No i'm not going to get over it, I want to solve my problem, not get over it. And no i'm not going to stop being a *****, what ever that is. There are many dudes, but i'm not one of them, and neither is any one who bothered to even make an account on a hair loss website.
It was not nice at all, it just made me more upset at my situation. And why any one who is signing up to a hair loss website to tell others to "get over it" is beyond me. If I am not mistaken, you are thinking of getting SMP, newsflash, that is not getting over hair loss, that is being insecure about hair loss and not accepting it. So I mean, take your own advice before giving it to others. I mean this in the nicest way possible.

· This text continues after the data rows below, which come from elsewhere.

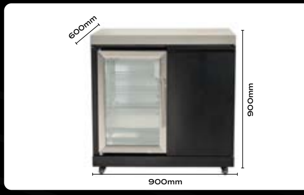
Fridge Cabinet TCK-FRIDGEASSY - Includes a double side cabinet, 63L fridge, single door and flat benchtop.
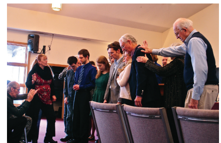
Prayer and blessing for the new teachers during worship at GFC on March 31 新しい先生のための祈りと祝福
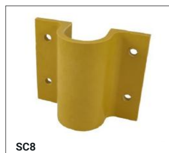
Sidemount Bracket SC-BK-SM-YE

Base flange, usually used for uprights on level sites. 12mm Diameter Fixing holes suit a wide range of common mechanical and chemical masonry, which are available upon request.
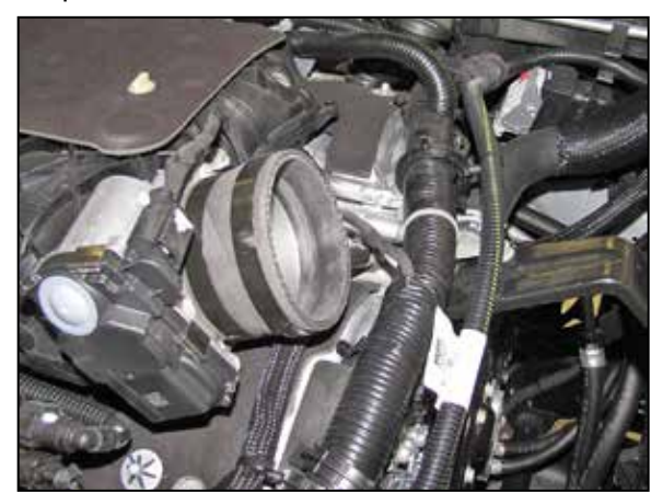
17. Install the provided step coupler (08186) onto the throttle body and secure with the provided hose clamp.

But my "get over it" was in response to your posts related to death. There are plenty of people on this website who don't like hair loss. We are on this website to counter that---> that doesn't put us all in the 'life is terrible' boat that you're in. You won't here many talking about "this life being more painful than death" or any such garbage like that. So, yeah, you do need to get over it to the point where it isn't constantly bringing you down if you want to live a normal life. Hate to break it you, but those are the facts (and perhaps start with asking yourself why a random person's post on the internet 'upsets' you).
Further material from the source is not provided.